A three-level model is fitted (see Figure 5), with individual students at the first level, who are nested within the 12 medical schools at the second level, which in turn at the third level are nested within either Scotland or elsewhere. Note that because zEducationalAttainment is not available for mature students, this analysis is restricted to non-mature students. The outcome variable is OverallMark, which is standardized within medical schools and cohorts (and hence overall effects typically have means close to zero). The main predictor is zEducationalAttainment. A dummy variable, at the student level, SQAorGCE indicates whether students took SQA or GCE qualifications (and it has already been suggested that SQA attainment predicts medical school outcome better than GCE attainment). OverallMark can be predicted at level-1 by zEducationalAttainment and SQAorGCE, and by their interaction. The slope of the regression of OverallMark on zEducationalAttainment and SQAorGCE, and their interaction can also show variance between medical schools and between Scottish and non-Scottish medical schools. Figure 5 shows the full fitted model, estimates being shown with their standard errors in parentheses, so that estimates are significantly different from zero with P <.05 on a two-tailed test if their value is at least twice their standard error (and these are indicated in Figure 5). zEducationalAttainment is a strong indicator of OverallMark, the interaction with SQA qualifications is also significant, predicting OverallMark more strongly than do GCE qualifications. No other terms are significant, which in particular means a) that educational achievement has the same predictive value in all 12 medical schools, irrespective of whether they are in Scotland or elsewhere, and b) the increased predictive effect of SQA qualifications is the same in all medical schools, in Scotland or elsewhere. The important conclusion is that although medical schools might have differed in the predictive value of educational attainment, perhaps because of differences in teaching methods, curriculum or whatever, there is no evidence that they do so.

Figure 5
Multilevel modeling of relationship of OverallMark at medical school to Educational Attainment (zEducationalAttainment). See text for details.

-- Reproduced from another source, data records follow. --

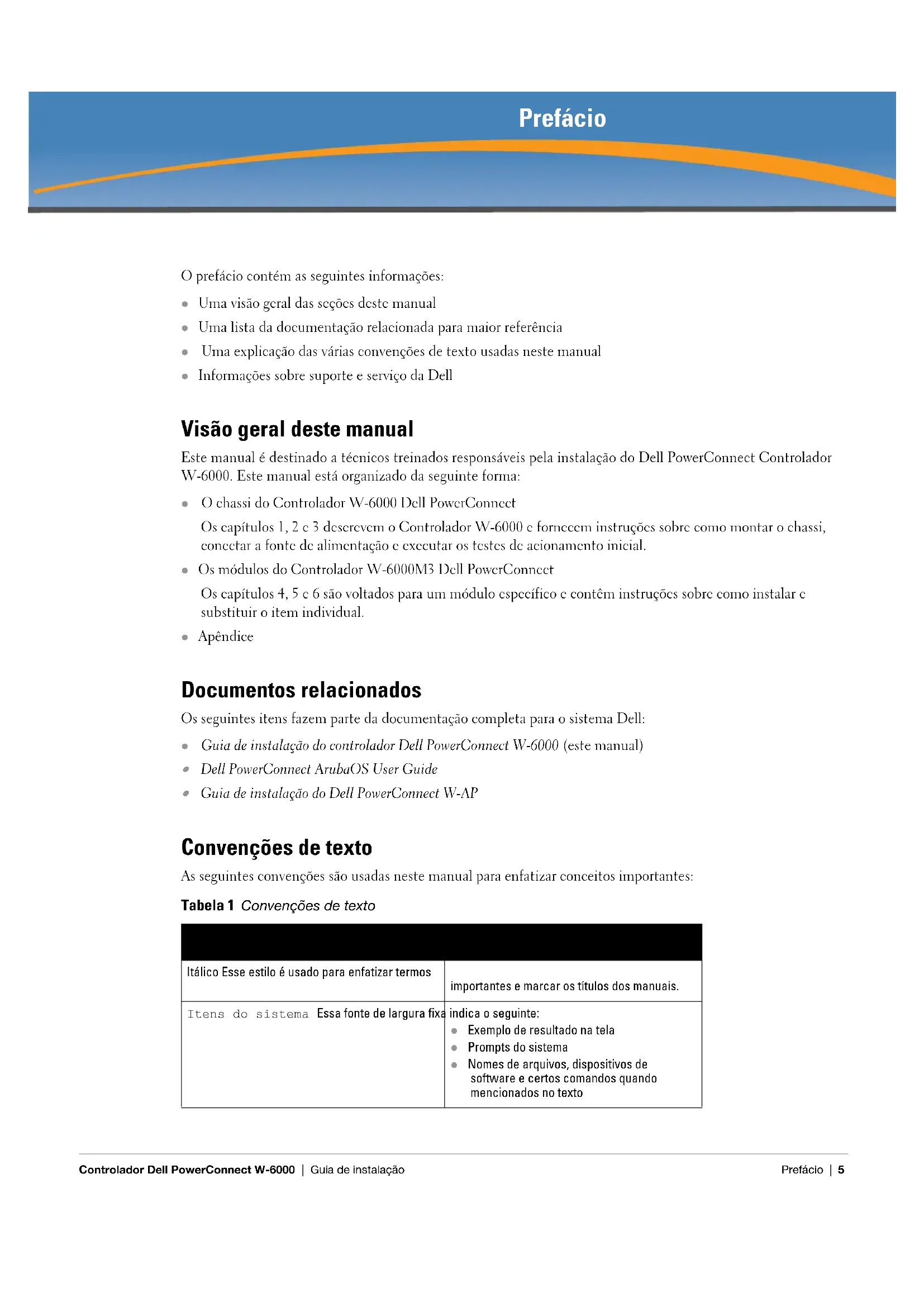 Guia de instalação do Dell PowerConnect W-AP Convenções de texto As seguintes convenções são usadas neste manual para enfatizar conceitos importantes: Tabela 1 Convenções de texto Itálico Esse estilo é usado para enfatizar termos importantes e marcar os títulos dos manuais.Itens do sistema Essa fonte de largura fixa indica o seguinte:z Exemplo de resultado na telaz Prompts do sistemaz Nomes de arquivos, dispositivos de software e certos comandos quando mencionados no texto6 | Prefácio Controlador Dell PowerConnect W-6000 | Guia de instalação Como entrar em contato com o suporte Comandos Nos exemplos de comando, essa fonte em negrito indica texto que o usuário deve digitar exatamente como mostrado. <Argumentos> Nos exemplos de comando, o texto em itálico entre os colchetes angulares representa itens que o usuário deve substituir por informações apropriadas à situação específica. Por exemplo: # send <mensagem de texto> Neste exemplo, o usuário digitaria “send” no prompt do sistema exatamente como mostrado, seguido pela mensagem de texto que deseja enviar. Não digite os colchetes angulares. [Opcional] Nos exemplos de comando, os itens entre colchetes são opcionais. Não digite os colchetes. {Item A | Item B} Nos exemplos de comando, os itens entre chaves e separados por uma barra vertical representam as opções disponíveis. Digite apenas uma opção. Não use as chaves nem as barras. Tabela 2 Informações de contato da Dell Site Site principal dell.com Site do suporte support.dell.com Site de documentação support.dell.com/manuals Tabela 1 Convenções de textoControlador Dell PowerConnect W-6000 | Guia de instalação Visão geral do sistema | 7 Capítulo 1 Visão geral do sistema O Dell PowerConnect Controlador W-6000 é um chassi modular de classe corporativa que conecta, controla e integra de forma inteligente pontos de acesso (APs) sem fio e monitores de ar (AMs) à rede LAN cabeada. Este capítulo apresenta o Controlador W-6000. Ele descreve os recursos gerais do sistema modular e ilustra os principais elementos físicos. Depois de se familiarizar com o sistema, você pode iniciar o processo de instalação detalhado no próximo capítulo. Recursos Esta seção descreve os recursos gerais do Controlador W-6000. z Switch 10/100/1000 Mbps e 10 Gbps com encaminhamento de pacote em alta velocidade pelas camadas 2/3. z O processamento de pacotes de alto desempenho agrega valor a serviços sem fio, como balanceamento de carga, limitação de velocidade, correção automática, calibração, autenticação, mobilidade, segurança, monitoramento centralizado e configuração. z O chassi 3U pode ser montado em um rack de telecomunicação ou de servidor padrão de 19 polegadas. z O chassi modular baseado em slot permite a expansão da rede e a tolerância a falhas. Até 4 módulos Dell PowerConnect W-6000M3 Até 3 fontes de alimentação que podem ser trocadas a quente com capacidade para compartilhamento de carga para proporcionar redundância Uma bandeja do ventilador contendo três ventiladores individuais para proporcionar redundância Descrição física Figura 1 Controlador W-6000 Dell PowerConnect Slot 0: esse slot é para o módulo Controlador W-6000M3 Dell PowerConnect necessário. Slot 1: esse slot é para um módulo W-6000M3 adicional.
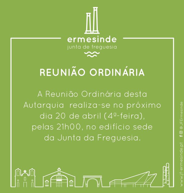 A Reunião Ordinária desta autarquia realiza-se no próximo dia 28 de abril, pelas 21h30, e será ... -
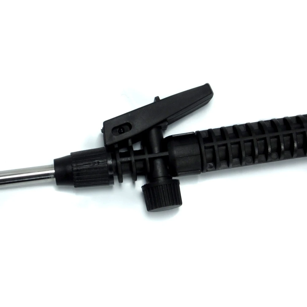 sa lance de pulvérisation de 50 cm de longueur est en aluminium. Elle est équipée d’une buse sprayer et reliée à la cuve de celui-ci par un tuyau souple d’ 1.15 mètres. Sur la poignée de cette lance se trouve une molette de réglage du débit.
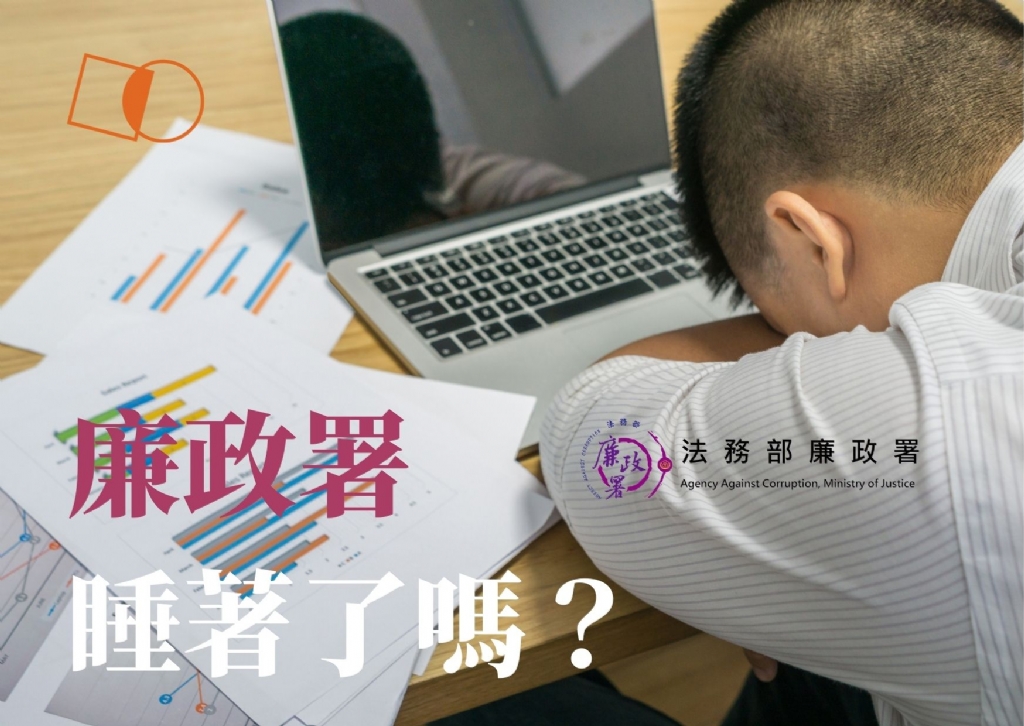 為展現政府打擊貪腐決心,回應民眾期盼,落實「聯合國反貪腐公約」之各項反貪腐措施,我國於99年7月20日設置「法務部廉政署」,專責執行反貪、防貪及肅貪業務,然而最近發生幾件公務機關的大事,卻不見廉政署積極查處的蹤影,讓民眾不禁懷疑,難道廉政署睡著了嗎?

Sex, secondary schooling and ethnicity

The three-level model for zEducationalAttainment was fitted with the addition of sex, the contextual secondary school attainment measure DFES.AvePointEntry, and ethnicity (White), as well as the interactions of those measures with zEducationalAttainment. After taking zEducationalAttainment into account, male students underperformed (estimate = −.0699, SE .0309), non-White students underperformed (estimate = −.2504, SE = .0357), and students from secondary schools with a higher DFES.AvePointEntry, score (that is, higher-attaining secondary schools) performed less well overall (estimate = −.1112, SE = .0183). There was no evidence that any of the measures interacted with educational attainment and particularly important for interpreting these results is that there was no evidence, for any of the three measures, of variance between the 12 medical schools. In other words, males, for instance, underperformed to the same extent in all 12 medical schools, which is important for understanding and interpreting such effects.

UKCAT scores and age

Multilevel modeling of the prediction of UKCATtotal, as well as the subscores, was broadly similar to that for educational attainment, except that differences between medical schools in Scotland and elsewhere were not considered, so that the model had two levels. Age of students (<21, 21+) was included as a previous analysis suggested that UKCAT predicted better in mature students. The overall fitted model is shown in Figure 6. UKCAT significantly predicts outcome (estimate = .1295, SE .0174). Mature students also perform better than non-mature students (.3315, SE .0738), and there is a significant interaction between maturity and UKCAT, UKCAT predicting more strongly in mature students (estimate = .1208 SE .0548). There was no evidence that UKCAT, age or the interaction of UKCAT and age behaved differently in their predictive ability at any of the 12 medical schools.

Figure 6
Multilevel modeling of relationship of OverallMark at medical school to UKCAT total score. See text for details.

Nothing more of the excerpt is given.